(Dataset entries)
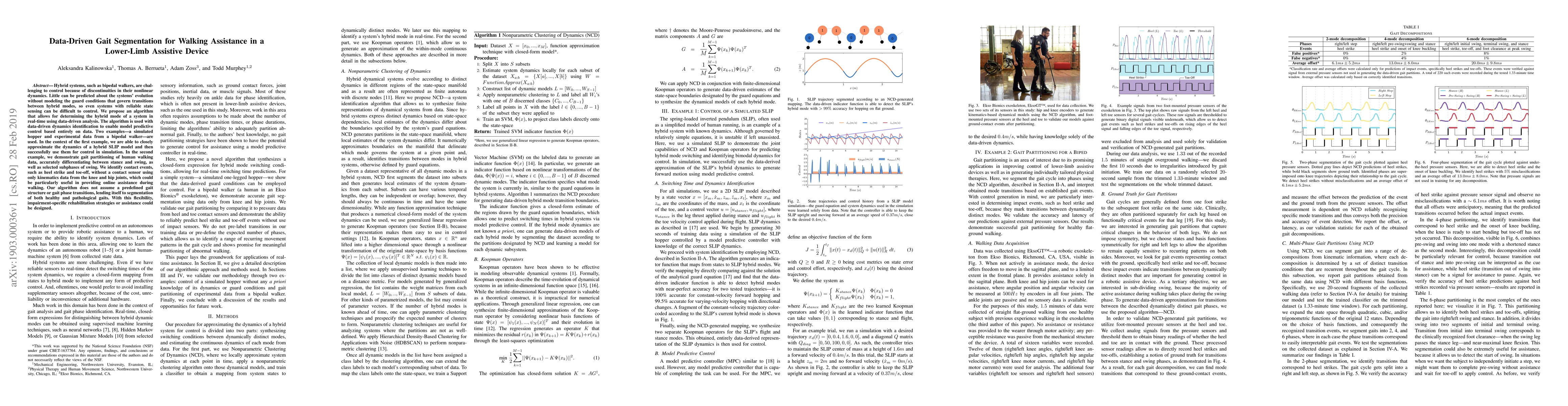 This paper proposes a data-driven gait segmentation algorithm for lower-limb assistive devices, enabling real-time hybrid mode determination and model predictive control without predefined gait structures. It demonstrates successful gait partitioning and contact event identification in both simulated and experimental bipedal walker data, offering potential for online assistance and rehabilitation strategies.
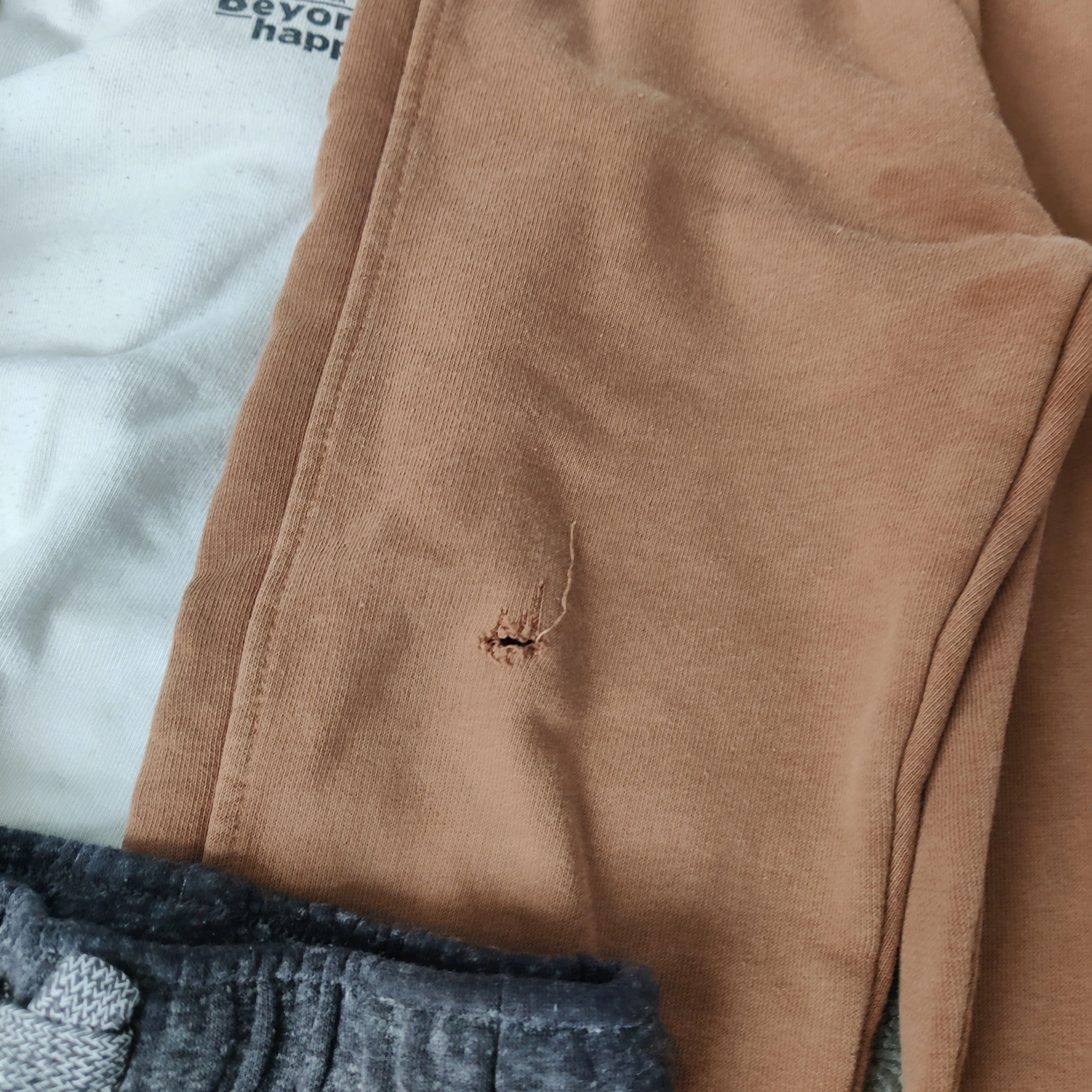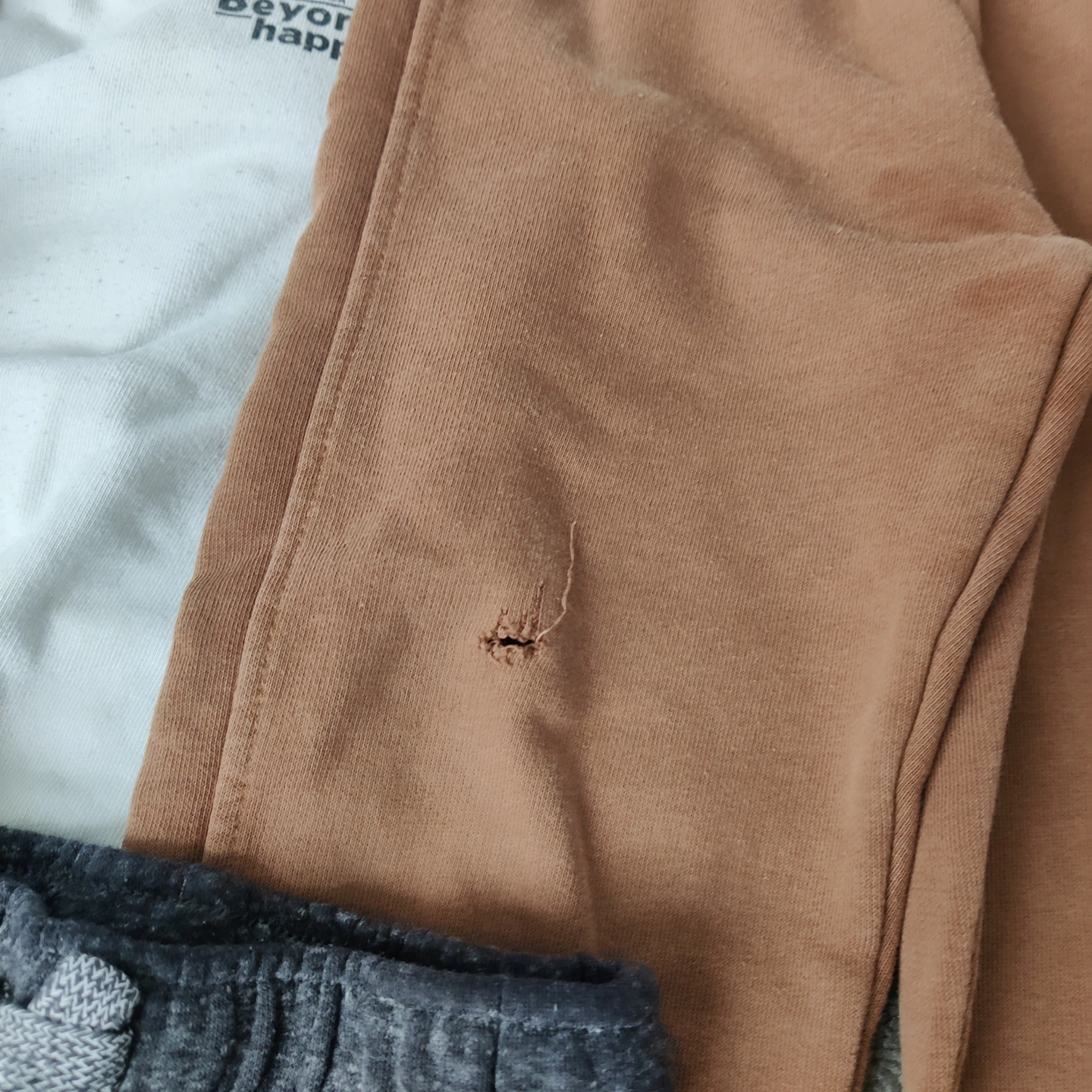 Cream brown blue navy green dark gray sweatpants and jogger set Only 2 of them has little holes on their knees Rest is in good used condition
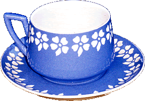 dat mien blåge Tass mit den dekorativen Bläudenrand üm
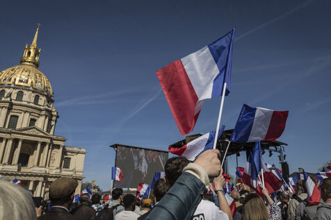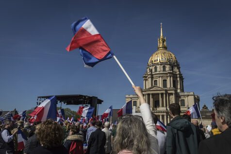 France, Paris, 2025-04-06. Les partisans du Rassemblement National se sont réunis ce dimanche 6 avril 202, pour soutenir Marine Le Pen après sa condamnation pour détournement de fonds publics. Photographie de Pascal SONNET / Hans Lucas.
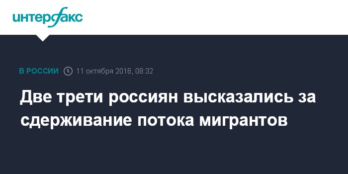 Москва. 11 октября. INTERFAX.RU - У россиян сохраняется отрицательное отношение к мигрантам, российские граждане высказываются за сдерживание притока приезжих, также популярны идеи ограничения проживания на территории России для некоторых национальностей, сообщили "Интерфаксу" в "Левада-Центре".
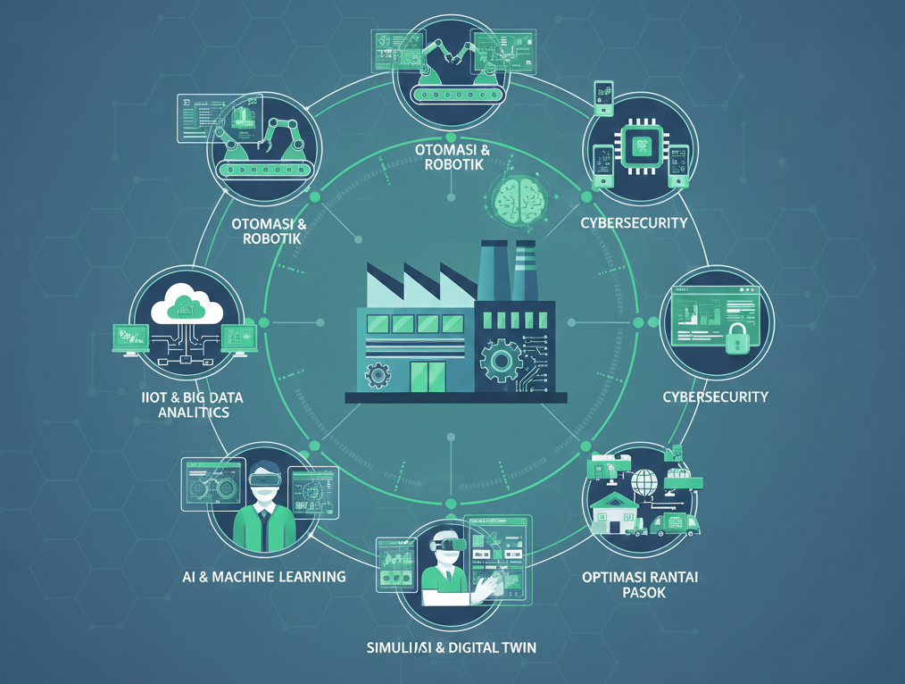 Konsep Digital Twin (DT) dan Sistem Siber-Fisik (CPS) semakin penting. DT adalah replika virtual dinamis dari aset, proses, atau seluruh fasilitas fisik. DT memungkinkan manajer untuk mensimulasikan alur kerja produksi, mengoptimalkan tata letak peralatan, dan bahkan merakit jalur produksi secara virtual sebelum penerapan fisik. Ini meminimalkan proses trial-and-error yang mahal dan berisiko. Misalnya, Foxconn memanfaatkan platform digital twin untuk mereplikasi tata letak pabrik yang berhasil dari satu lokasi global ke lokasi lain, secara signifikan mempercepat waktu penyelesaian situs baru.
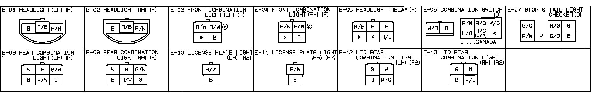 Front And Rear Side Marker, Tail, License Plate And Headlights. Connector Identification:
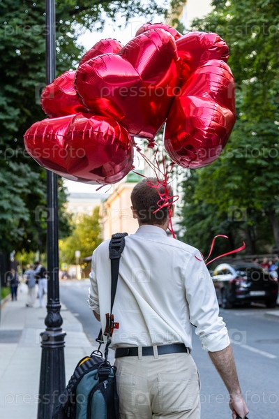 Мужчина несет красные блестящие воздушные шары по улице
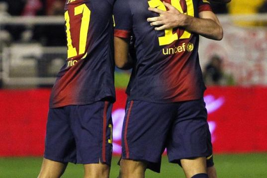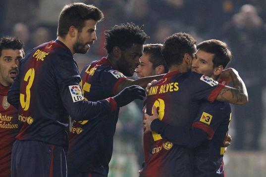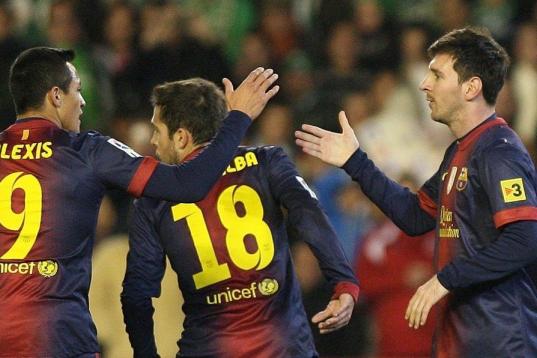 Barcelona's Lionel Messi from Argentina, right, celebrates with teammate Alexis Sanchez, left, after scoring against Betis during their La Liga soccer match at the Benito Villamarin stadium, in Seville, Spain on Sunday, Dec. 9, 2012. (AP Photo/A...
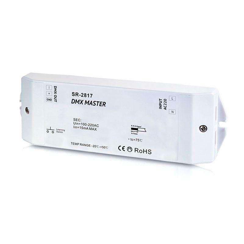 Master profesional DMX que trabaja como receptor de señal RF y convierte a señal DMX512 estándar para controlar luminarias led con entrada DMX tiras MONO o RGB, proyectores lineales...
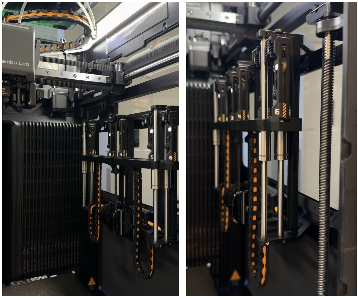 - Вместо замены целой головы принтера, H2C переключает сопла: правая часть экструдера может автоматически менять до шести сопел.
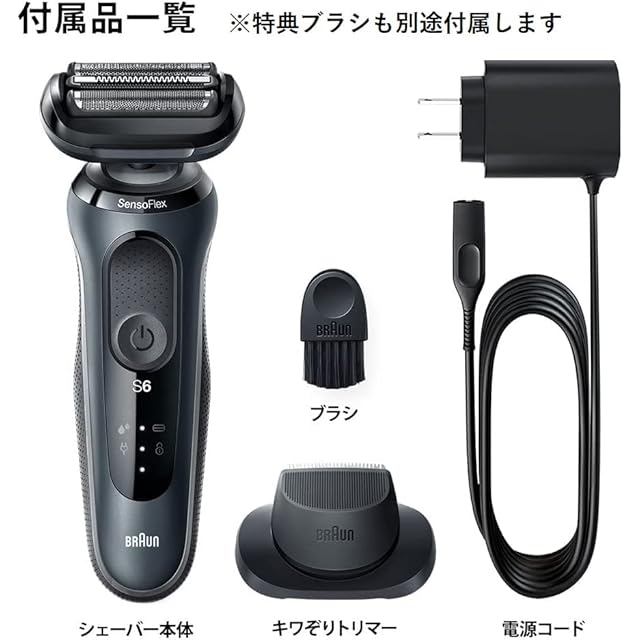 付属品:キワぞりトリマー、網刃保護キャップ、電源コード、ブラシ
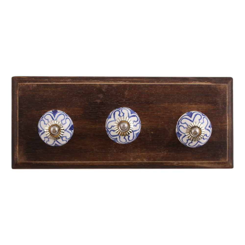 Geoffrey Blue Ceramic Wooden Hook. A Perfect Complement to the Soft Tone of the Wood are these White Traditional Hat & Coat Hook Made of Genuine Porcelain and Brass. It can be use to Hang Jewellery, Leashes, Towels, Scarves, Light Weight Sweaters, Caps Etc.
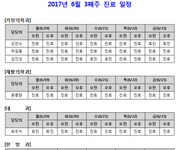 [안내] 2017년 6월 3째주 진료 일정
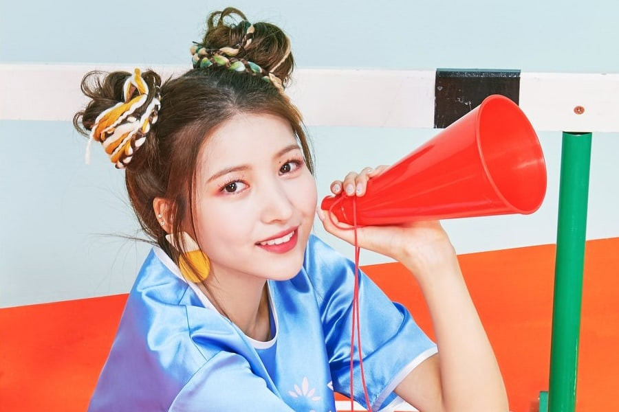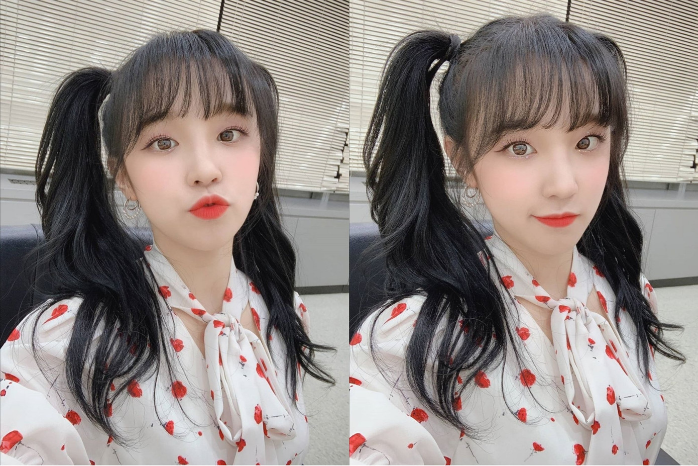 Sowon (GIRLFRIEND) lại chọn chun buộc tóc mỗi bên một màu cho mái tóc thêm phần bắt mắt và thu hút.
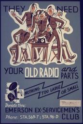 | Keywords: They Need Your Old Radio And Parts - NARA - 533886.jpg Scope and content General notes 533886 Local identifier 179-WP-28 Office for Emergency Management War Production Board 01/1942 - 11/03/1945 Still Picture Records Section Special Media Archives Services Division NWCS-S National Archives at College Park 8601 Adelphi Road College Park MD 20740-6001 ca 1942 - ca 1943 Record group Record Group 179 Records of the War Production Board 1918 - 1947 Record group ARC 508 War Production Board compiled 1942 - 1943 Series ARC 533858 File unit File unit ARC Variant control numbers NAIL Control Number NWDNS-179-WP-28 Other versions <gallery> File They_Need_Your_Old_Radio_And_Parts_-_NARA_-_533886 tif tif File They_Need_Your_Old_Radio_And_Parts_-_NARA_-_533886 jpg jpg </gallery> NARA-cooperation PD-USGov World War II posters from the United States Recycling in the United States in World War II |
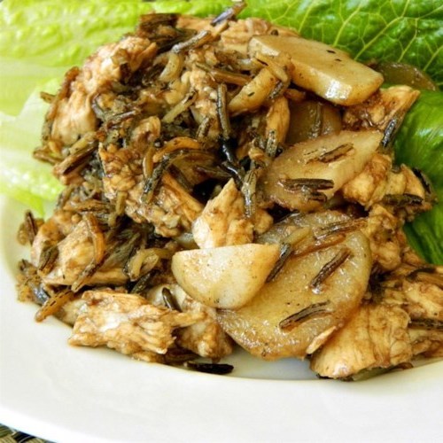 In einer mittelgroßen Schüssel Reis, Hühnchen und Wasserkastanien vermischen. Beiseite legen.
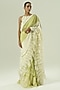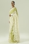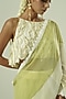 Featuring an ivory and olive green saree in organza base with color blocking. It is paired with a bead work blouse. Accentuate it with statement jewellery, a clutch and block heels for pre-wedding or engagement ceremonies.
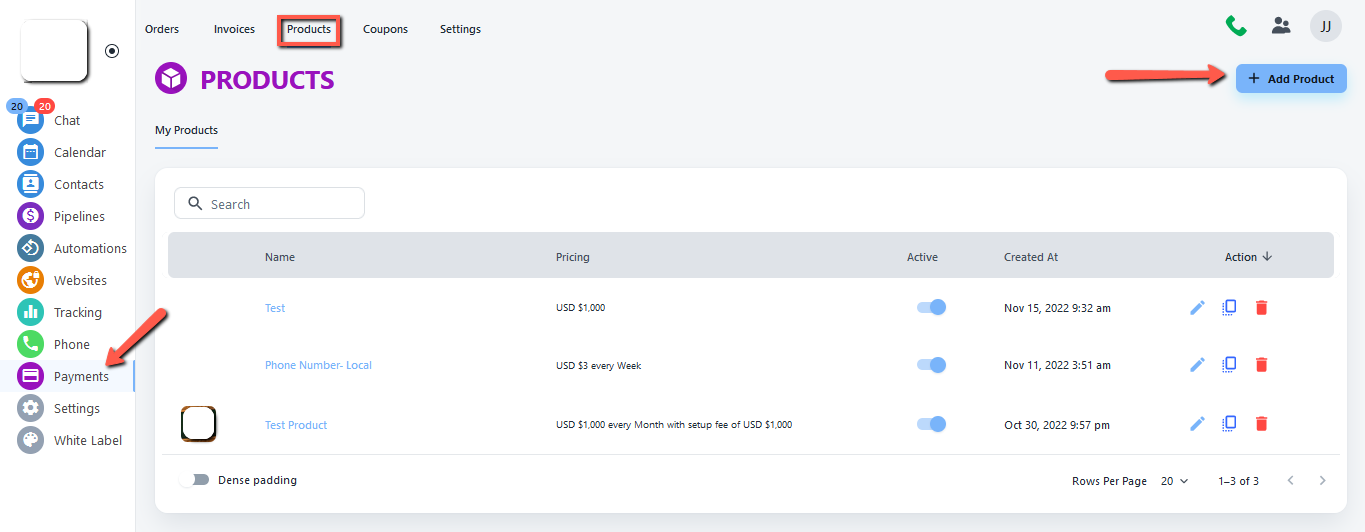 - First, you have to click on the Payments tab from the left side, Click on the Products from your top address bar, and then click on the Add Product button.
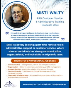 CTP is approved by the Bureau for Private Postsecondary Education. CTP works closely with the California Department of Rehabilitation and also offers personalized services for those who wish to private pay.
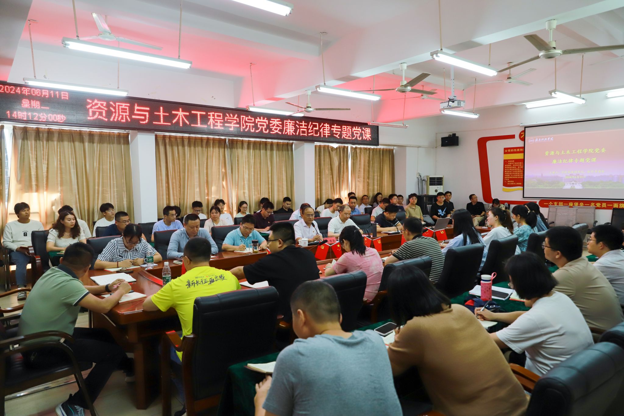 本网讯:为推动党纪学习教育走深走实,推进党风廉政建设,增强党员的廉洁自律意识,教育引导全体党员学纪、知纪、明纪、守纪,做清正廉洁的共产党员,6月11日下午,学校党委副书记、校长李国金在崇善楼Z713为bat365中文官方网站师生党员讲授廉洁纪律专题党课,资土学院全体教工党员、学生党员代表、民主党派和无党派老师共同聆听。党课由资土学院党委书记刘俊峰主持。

## Exercise directions
Above are some records; quote exactly and only the lines that begin at the line containing "Cream brown blue" and stop after the line containing "dat mien blåge", leaving out the pictures.

## Answer below
 Cream brown blue navy green dark gray sweatpants and jogger set Only 2 of them has little holes on their knees Rest is in good used condition
 dat mien blåge Tass mit den dekorativen Bläudenrand üm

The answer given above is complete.